Иллюстрированная история эротического искусства. Часть вторая
Шрифт:
Величайшим мастером гротеска в литературе является до сих пор никем не превзойденный Рабле, кюре из Медона. Его гениальное произведение «Гаргантюа и Пантагрюэль» служит не только бессмертным памятником сатирической литературы Ренессанса, но и вообще грандиознейшим монументом, который когда-либо создавала в языке фантазия. Никогда еще язык не был использован с такой смелостью, никогда не получал он ни от одного писателя такого обогащения, как именно от Рабле. Речь делает здесь самые рискованные экскурсии, слова взлетают в воздух, точно ракеты, — то громыхают, как тяжелое орудие, то нечленораздельными звуками кружатся в бешеном вихре, как туча обезумевших демонов. В первый момент читатель теряется, ему кажется все это нелепым, бессвязным, — но только в первый момент. Ибо концерт, которым дирижирует Рабле, полон гармонии и смысла: каждая строчка проникнута кристально ясной, неиссякаемой фантазией, которая даже в самом ничтожном и второстепенном сознательно преследует одну цель: довести до высшего предела сатирический смех. И действительно, Рабле со своим «Гаргантюа и Пантагрюэлем» достигает этой цели.
Причудливая
Кормилица (Кормилица Гаргантюа?). Немецкая карикатура.
Такую смелую сатиру, как «Гаргантюа и Пантагрюэль» Рабле, могло создать и воспринять только действительно жизнерадостное и полное сил поколение. Таким и было поколение Ренессанса. Дыхание этой эпохи еще обвевает жилище, в котором жила некогда мадам де Севинье.
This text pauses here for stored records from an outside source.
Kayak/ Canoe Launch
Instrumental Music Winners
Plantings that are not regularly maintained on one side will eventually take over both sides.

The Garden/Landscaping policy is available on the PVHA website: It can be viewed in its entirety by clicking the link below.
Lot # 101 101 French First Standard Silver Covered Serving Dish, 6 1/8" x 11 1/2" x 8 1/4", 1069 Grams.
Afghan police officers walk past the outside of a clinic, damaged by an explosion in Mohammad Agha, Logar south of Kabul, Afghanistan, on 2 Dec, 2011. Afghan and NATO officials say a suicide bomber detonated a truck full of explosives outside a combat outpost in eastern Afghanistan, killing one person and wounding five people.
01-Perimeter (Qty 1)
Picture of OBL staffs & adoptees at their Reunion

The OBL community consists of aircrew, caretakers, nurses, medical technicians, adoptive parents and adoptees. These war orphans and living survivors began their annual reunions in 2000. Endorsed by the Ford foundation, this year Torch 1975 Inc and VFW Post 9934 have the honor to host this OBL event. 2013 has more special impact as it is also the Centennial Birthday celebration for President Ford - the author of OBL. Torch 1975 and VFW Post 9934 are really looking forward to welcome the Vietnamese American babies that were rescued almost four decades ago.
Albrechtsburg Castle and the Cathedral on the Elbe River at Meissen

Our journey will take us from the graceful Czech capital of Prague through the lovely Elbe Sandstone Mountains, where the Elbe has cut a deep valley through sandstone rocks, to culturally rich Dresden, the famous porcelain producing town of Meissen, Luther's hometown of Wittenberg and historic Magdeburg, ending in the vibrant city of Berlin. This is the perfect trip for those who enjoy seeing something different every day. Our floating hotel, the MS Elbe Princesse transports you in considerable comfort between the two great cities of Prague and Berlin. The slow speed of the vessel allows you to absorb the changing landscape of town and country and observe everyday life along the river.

Проходя по ее дому на rue des Francs Bourgeois в Париже и созерцая тот колоссальный стиль, который преобладает в нем, невольно чувствуешь, что здесь действительно обитало другое поколение, — не нынешние салонные куклы, которые в прерафаэлитских модах идеализируют в качестве понятия красоты симптомы чахотки. Здесь жили люди, родственные по духу и по плоти Рабле.
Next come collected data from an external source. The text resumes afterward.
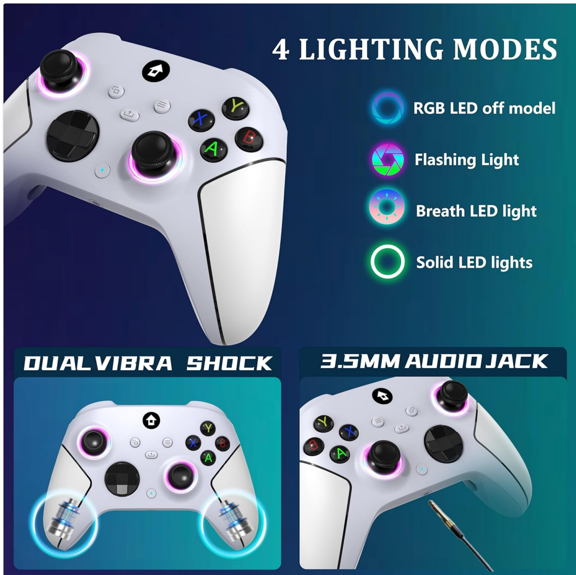
Illustration of the four distinct LED lighting modes available on the controller, alongside dual vibration and audio jack features.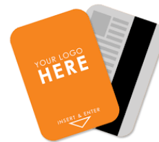
Hotel Room Keys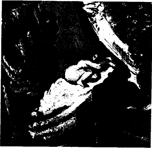
355 PAUL CÉZANNE A Modern Olympia ca. 1869-70. 22 × 21½ (56 × 55)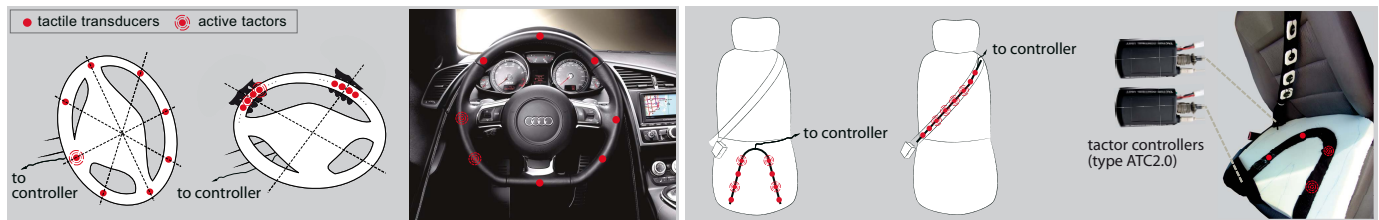
Fig. 2. Different styles of vibrotactile displays (left: eight tactors embedded into the face of the steering wheel, much more tactors can be integrated into the backside; right: eight tactors in both safety belt and seating).

To test on the effect of subliminal support a multi-tactor system was integrated into different controls of our test vehicle (driver seat, safety belt, and steering wheel). Positive experience in the utilization of vibrotactile interfaces has been gained in earlier experiments on conscious driver stimulation with tactile patterns of different complexity.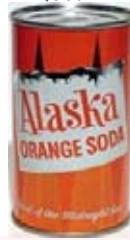
OG - A200-1

Alaska - FT Pre-zip 1958 9 Orange $18-21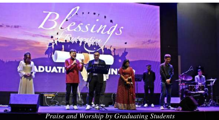
Praise and Worship by Graduating Students

The journey of organizing the STM Graduation Dinner 2023, themed "The Blessings of Restoration" (Colossians 1:19-20), was truly remarkable, as it marked my first foray into the role of Student Body Exco for such a spectacular and grand event. While it certainly had its fair share of challenges, with the grace of God, my team and I managed to navigate every hurdle successfully. The venue, One Destiny in Seremban 2, set the stage for our celebration, adding to the overall atmosphere and making the evening unique. What made it even more memorable was the presence of numerous VIPs, lecturers, and families who attended the event to express their appreciation and support for the graduating students. Their presence added to the occasion's significance, creating an atmosphere of gratitude and celebration.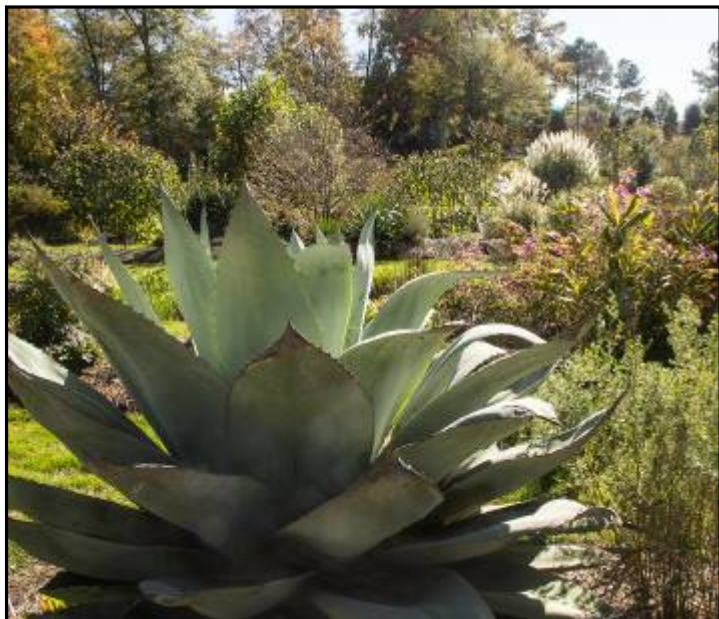
Display garden at PDN

If you've been toying with the idea of attending a NARGS annual meeting, I encourage you to jump in and sign up. I have thoroughly enjoyed attending them over the last several years. You'll start to see familiar faces after just a few meetings and make new friends while exploring the environs of each location with garden enthusiasts from all over the country. Attendees usually include a sprinkling of guests from other countries as well. Most meetings offer outstanding lectures, amazing images of plants, fabulous field trips, plant and book sales, and opportunities to experience local food, craft brews and more. In short, adult camp for garden geeks.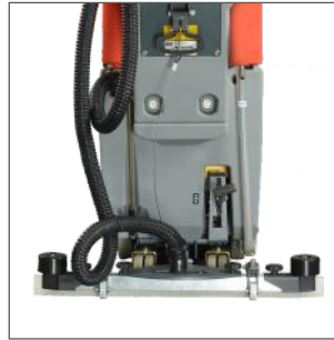
Professional self levelling Squeegee Ensuring Excellent performance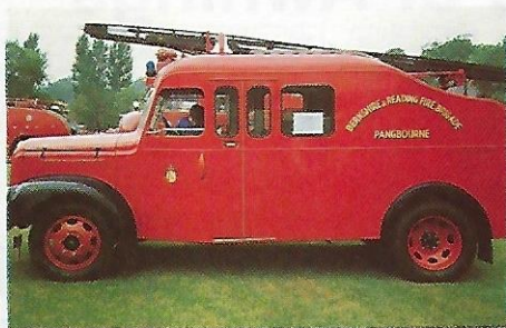
14. 1954 MORRIS COMMERCIAL/WADHAMS HtT/PCV. Reg. No. GRX 41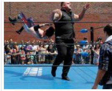
Class B - HM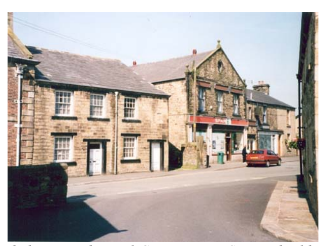
Former Ribchester Industrial Co-operative Society building (1886), Church Street (right)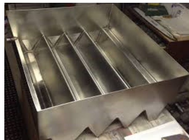
1870s - Flue Pan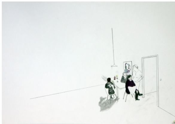
Family series 12, 2010 Drawing, 50x70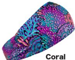
Coral Kaleidoscope SFA024HB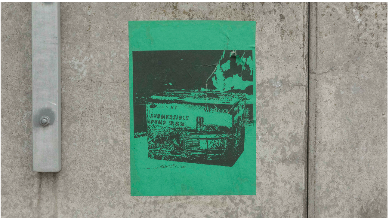
Detail: Inkjet print on recycled paper 297 x 420 mm (A3)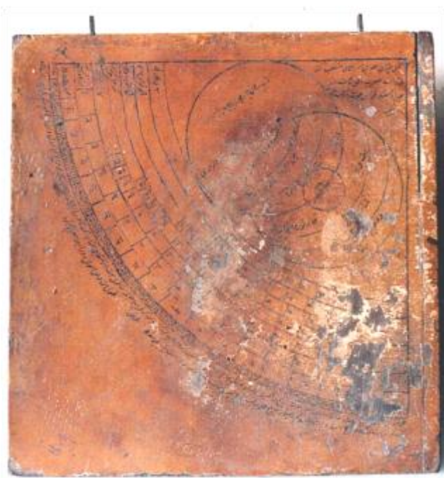
Fig. 7: Shabnumā-wa-Rūznumā , Reverse showing a Horary Quadrant as the Rūznumā. Raza Library, Rampur.

Each of these scales is used for one or two months. Depending on the length of the day in the corresponding solar month, these scales are divided into so many number of ghaṭīs as there are in half a day of that month. Thus when the sun is in Cancer, the day is the longest. It has the duration of 34 ghaṭīs (= 13 hours 36 minutes). The scale for this month is divided into 17 ghaṭīs , which is the length of half a day. When the sun is in Capricorn, the days are the shortest: 24 ghaṭīs (= 9 hours 36 minutes). Accordingly the scale is divided into 12 ghaṭīs .

Свобода и смелость служили отличительным признаком также и личной полемики, всех более или менее значительных политических и религиозных споров того революционного времени. Этим дыханием обвеяны все памфлеты гуманистов и реформации. Для того чтобы убедиться в этом, достаточно прочесть сатиры и пасквили эпохи Реформации, собранные Оскаром Шаде, писания Лютера и, главным образом, великого мастера языка Томаса Мюнцера. Тем же духом проникнуто и мастерское произведение гуманистической полемики, знаменитые письма обскурантов, [9] — вернее, «Письма темных людей». Они хотя и не обладают причудливым стилем Рабле, но все же грубостью своего языка обнаруживают классическую смелость Ренессанса и представляют поэтому чрезвычайно важный документ общественной нравственности XVI века.
9
Здесь от латинского obscurus — темный, скрытый, тайный, неизвестный. Ред.
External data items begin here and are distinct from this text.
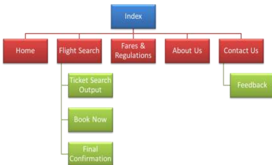
Figure 1 Web pages and subpages

about the organization, and connections to different subpages. Also, pages 'About' and 'Contact' hold the data about the organization and contact points of interest individually. In 'Contact' page, the client can influence utilization of the criticism to frame to send message to the organization. In 'Admissions and directions' page, the client can discover data about the strategies of the organization with respect to tolls and controls. There is 'Flight Search' page from which the client can seek flights and continue to reserve a spot. But 'Contact' and 'Flight Search' pages, the staying three principle pages are static. Diagram 1 demonstrates the fundamental website pages and sub-pages of the application (Wale, 2010).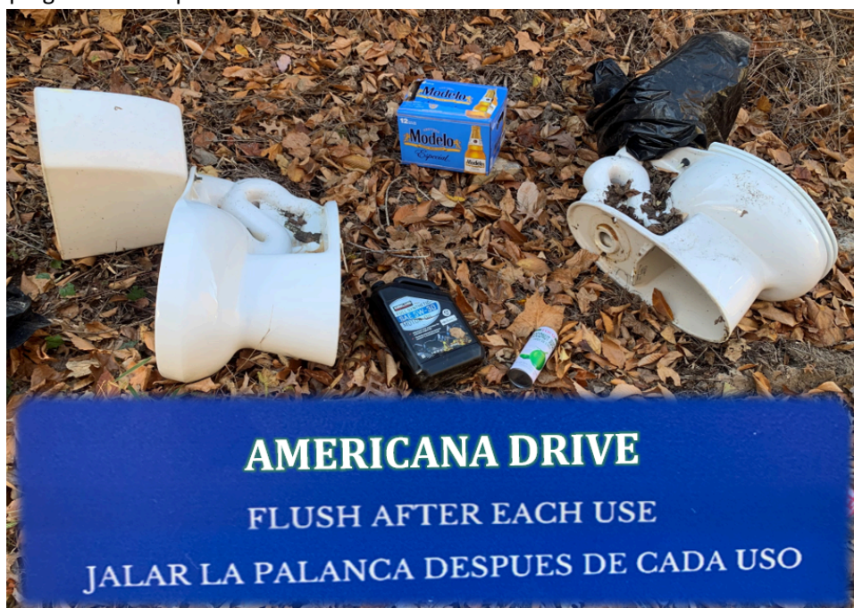
The unfortunate level of disrespect Americana Drive receives

We've been doing these cleanups for years. We do a reasonably good job of collecting the trash and leaving the area looking better each time, but we still don't have any progress to show in reducing the level of dumping in the first place.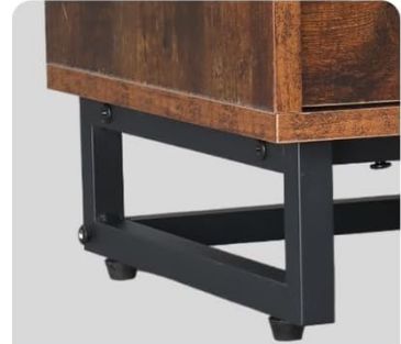
Sturdy Iron Frame Leg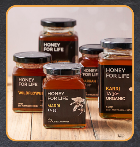
The Honey Colony Honey for Life Booth No: F16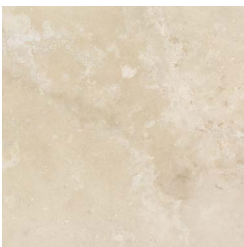
P003 12x12 P003A 18x18 (not shown) Filled & Honed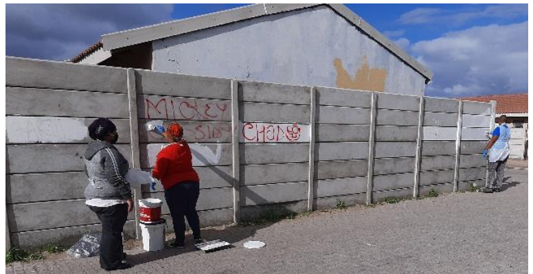
▲ Kaylin Blaauw, Renash Blaauw and Jade Baartman painting over graffiti.

We believe in the Broken Windows Theory because it makes so much sense. Simply, when you see signs of disorder do something about it. You need to be proactive and take action before it becomes by-law driven crimes. Criminal activity more frequently occurs in run-down areas where illegal dumping and graffiti are common. Our cleanup projects such as creating a community garden and painting over graffiti, also help to drive away the criminal element.

Эти письма, направленные против монахов, служат превосходным образцом тогдашней полемики. Ответное остроумие монахов тоже не отличалось большой скромностью, — наоборот: что касается откровенности и грубости, то монахи всегда побивали рекорд. Эротическое остроумие стояло при этом на первом плане; до каких пределов оно иногда доходило, показывают известные диалоги монахинь Аретино. Эти диалоги наряду со смелостью эпохи в вопросах половой морали обнаруживают, пожалуй, еще в большей мере безграничную развращенность самого автора, которая, на наш взгляд, порою совершенно заслоняет его дарование.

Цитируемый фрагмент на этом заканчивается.